One SDK, one error format. Every provider's quirks — Anthropic's prompt caching headers, Gemini's safety blocks, Bedrock's sigv4, Ollama's missing system role — get normalized at the proxy. Your app catches openai.APIError and openai.RateLimitError the same way for every upstream.
Cost tracking is built in. LiteLLM ships a virtual-key system where you issue per-team or per-engineer keys, set monthly USD budgets, and watch spend land in Postgres or SQLite. Every request logs model, prompt_tokens, completion_tokens, cost_usd, user, team. When finance asks what the eval pipeline cost last month, you answer in ten seconds with SELECT team, SUM(cost_usd) FROM litellm_logs GROUP BY team.

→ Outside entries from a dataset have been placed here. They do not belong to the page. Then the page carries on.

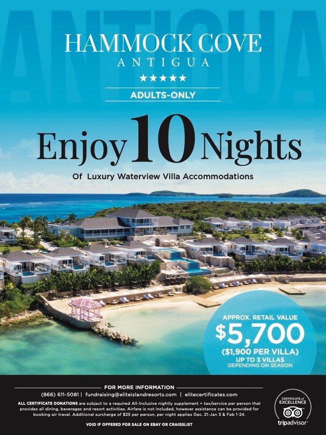 HAMMOCK COVE ANTIGUA ADULTS-ONLY 10 nights of Luxury Waterview Villa accommodation, for up to two villas double occupancy Nightly All-Inclusive Supplement Required https://www.hammockcoveantigua.com/ RESORT INFORMATION/NIGHTLY SUPPLEMENT HAMMOCK COVE ANTIGUA • ADULTS-ONLY $306-323 per person/per night depending on dates of travel (based on double occupancy + tax/service) Located adjacent to Devil’s Bridge National Park, this intimate villa resort provides a truly indulgent and customizable holiday for discerning travelers. All 41 private single-story villas are equipped with king beds, “infinity edge” plunge pool, spacious private terrace overlooking stunning turquoise waters, gourmet dining, and personal cocktail lounge. This Certificate provides 10 nights accommodation for up to 3 Waterview Villas (double occupancy) (valued up to $1,900 per room depending on dates of travel). All reservations are subject to mandatory supplement of $306-323 per person/per night depending on dates of travel that provides dining, beverages (including alcohol), resort facilities & activities. Government tax/service is additional. Guests choosing to upgrade to a Waterfront Villa category may do so for $200 per villa, per night. Resort black-outs do not apply however, minimum 7 night stay and additional peak season surcharge of $25 per person, per night applies Dec. 21-Jan. 3 & Feb. 1-24. Air transportation is not included Air transportation must be purchased prior to final confirmation of stays Dec. 21-Jan. 3 & Feb. 1-24. Reservations are subject to availability, some restrictions apply. Expiration date is a “Book By” date not a “Travel By” date. Rates are subject to annual increases and the resort cancellation policies in effect at the time of reservation. BONUS INVITATION: As a holder of this Certificate you also receive an extra Certificate stay to 5-star Los Establos Boutique Inn, Boquete, Panama. Expiration Date 12/20/25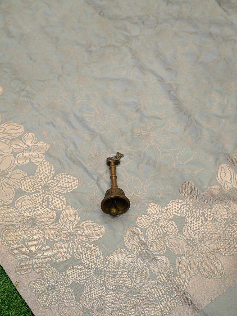 This Pure mint green Katan Silk Handloom Banarasi Saree brings together traditional craftsmanship and modern style. Made from soft, luxurious silk, it features beautiful dull gold zari floral patterns woven throughout the fabric. The broad zari border adds a touch of grandeur, while delicate floral outlines on the body give it a contemporary feel. Perfect for special occasions, this saree combines the timeless elegance of Banarasi weaving with a fresh, modern twist that appeals to today's fashion-conscious wearer.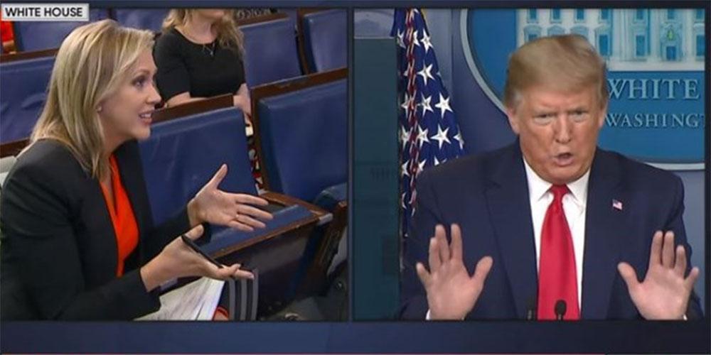 Στην διάρκεια του μεταξύ τους διαλόγου, μπροστά στις κάμερες, ο Τραμπ έκανε επίθεση στο κανάλι της δημοσιογράφου, λέγοντας πως προβάλει fake news, ενώ υπερασπίστηκε τον εαυτό του, λέγοντας πως τον Ιανουάριο δεν υπήρχε ούτε ένα κρούσμα και τότε κανείς δεν υπήρχε που να πιστεύει πως έπρεπε να παρθούν δραστικά μέτρα. Και συνέχισε λέγοντας πως έπραξαν το σωστό και πως αν λειτουργούσαν διαφορετικά, ίσως τα θύματα να ήταν πολλές δεκάδες χιλιάδες περισσότερα, απ΄ότι εκτιμάται αυτή την περίοδο. Επί της ουσίας ωστόσο δεν απάντησε στην ερώτηση της δημοσιογράφου, σε ένα ασυνήθιστο επεισόδιο σε συνέντευξη Τύπου στον Λευκό Οίκο.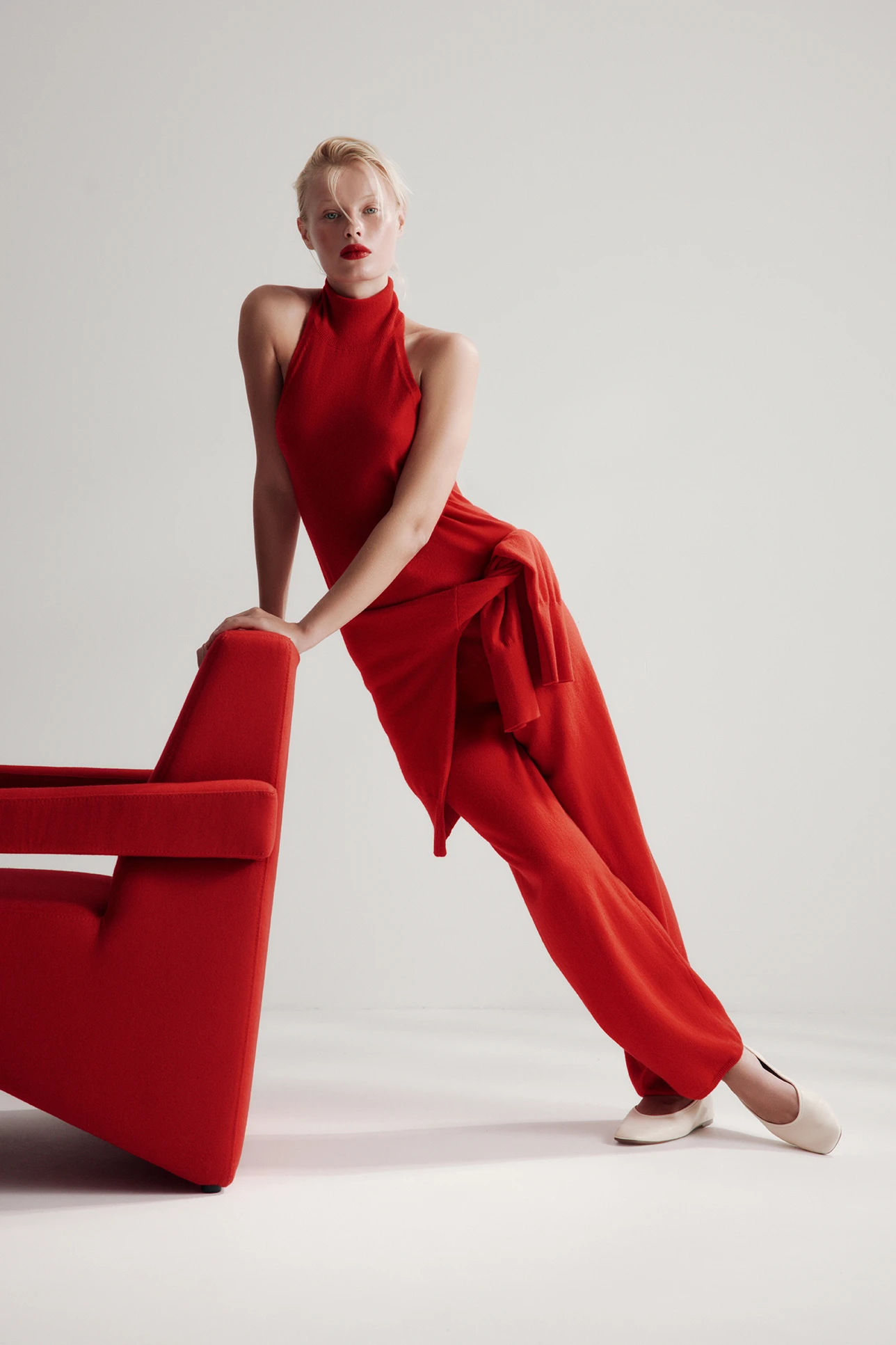 Брюки из кашемира красного цвета

Fallbacks and budgets. Add litellm_params.fallbacks: [gpt-5] to the Claude model and a 429 from Anthropic transparently retries on GPT-5. Add rpm: 100 and tpm: 500000 per virtual key and a runaway script cannot burn the budget. Add timeout: 30 once and your fleet stops hanging on a dead Ollama.
Streaming, function calling, JSON mode, vision — LiteLLM translates every OpenAI feature to the upstream's equivalent. The application code does not change when you swap backends.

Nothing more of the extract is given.